Posted
French theme park operator Euro Disney, which announced a life-saving debt restructuring in September, fell deeper into losses in its 2003/04 fiscal year due to royalty payments and increased operating costs. The company said it made a net loss of 145.2 million euros in the full year to the end of September, after a 56-million loss a year earlier.
Read more from Reuters.
Am I the only person who thinks that France was the wrong place to build Euro Disney? I can't help but think that park would have been more successful in a different country. My gut instinct would be to put it in Germany instead...
Jeff: That Reuters link results in a friendly 404.
--Dave Althoff, Jr.
I think closing Disneyland Paris could be a real possibility. In one of the many books about Eisner (I think it was "Keys to the Kingdom"), Disney was ready to pull the plug on the resort in the mid-90s if they didnt' get the kind of concessions they wanted from the banks. They pretty much got everything they wanted from their debtors, and are still bleeding to death from red ink. This is a bad situation...short of the banks forgiving debt (which isn't going to happen), I'm not sure how they pull this one out.
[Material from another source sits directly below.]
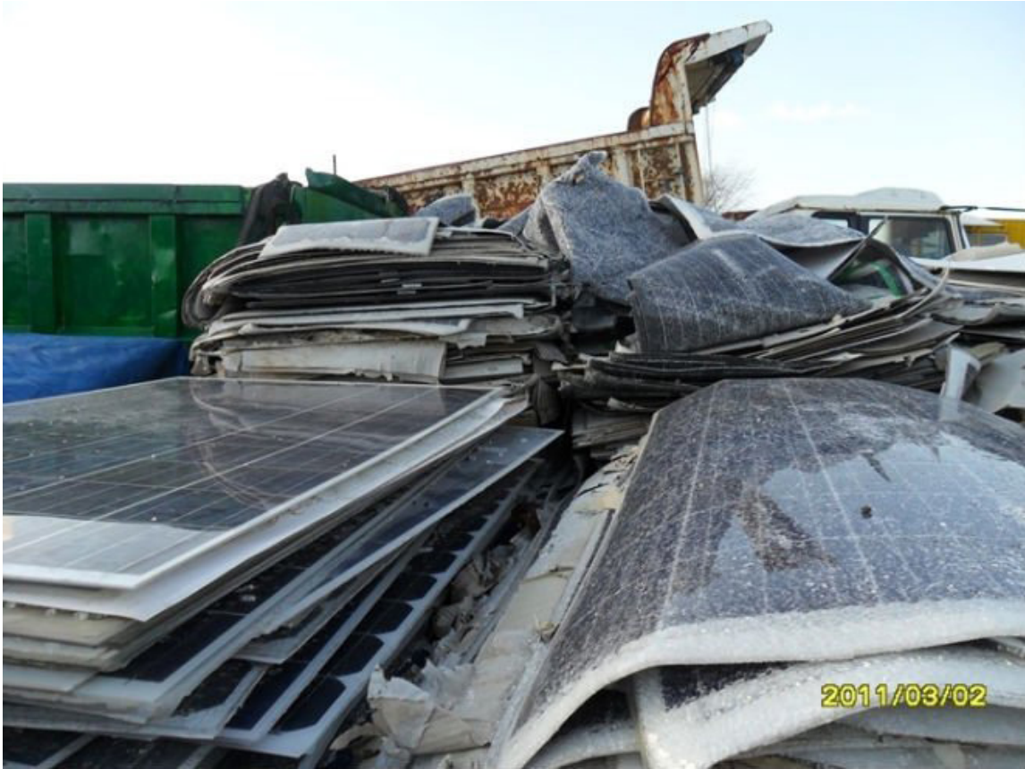
Figure 4: The mangled PV panels in this picture illustrate the nature of broken solar panels; the glass cracks but the panel is still in one piece.

PV panels constructed with the same basic components as modern panels have been installed across the globe for well over thirty years. 3 The long-term durability and performance demonstrated over these decades, as well as the results of accelerated lifetime testing, helped lead to an industry standard 25-year power production warranty for PV panels. These power warranties warrant a PV panel to produce at least 80% of their original nameplate production after 25 years of use. A recent SolarCity and DNV GL study reported that today's quality PV panels should be expected to reliably and efficiently produce power for thirty-five years. 4

Didn't Disneyland Paris have a few years (or maybe it was quarters) of profitability (or at least positive cash flow) prior to building the Studios?
Joel
I don't think the problems with this resort are as simple as just building it in the wrong place, but that might be a start. They initially mis-read their audience, much of Europe (unlike Asia) suffers from a backlash towards US cultural imperialism, DSP was a disaster that is yet to recover, and there are way too many hotel rooms on that property.
Again, you guys seem to think that every market on the planet would yield the same results. The Asian markets have been on an upswing for tourism for at least a decade.
Originally, they were competing between putting it in france on what was solid wasteland and unfriendly people, and round the corner from me here in Essex, UK, on a marsh that would need draining and securing, with very friendly people. It was cheaper to build it in france, but the french people's reputation for arrogance and annoyance stops a lot of people from going, including myself. What's the point of travelling thousands of miles to a park where you're not really wanted?
Had they built it here in the UK, where there is a proven profitable theme park chain (tussaud's, of course), they would have made money with some native english speaking folk, negating the need for multi-lingual signs and the extra cost of the recorded messages with all the french slurs and snorts on them.
Bazza.
/wants a closer theme park
The park was probably doomed from the start. Disney seemed to misjudge how people would interpret the park, thinking that it would be destination resort like WDW. I'm sure the original name of the property- EuroDisney- didn't help matters either.
Yeah, Asian markets have seen a huge upswing in tourism. But are people going to travel from the U.S. and Europe to visit Asian Disney parks? Probably not. The target audiences for those parks is going to be people living in those countries; countries where it seems a lot fewer people have a load of disposable income.
mOOSH [who agrees that the Paris park is the most beautiful of those he's visited]
So Moosh, DLP is even prettier than Disneyland (post-rehabs, of course)?
IMO, Disney didn't and maybe still doesn't know their market there. Opening a park trying to sell American culture probably wasn't the best marketing strategy. Add to that the lackluster foreign relations between the US and France, and I'm not suprised they don't want to visit the American park.
I'll have my Freedom Fries covered with Idiot Cheese
Reminds me of "le Shuttle" - why they didn't call it a train like any other and be done with i do not know!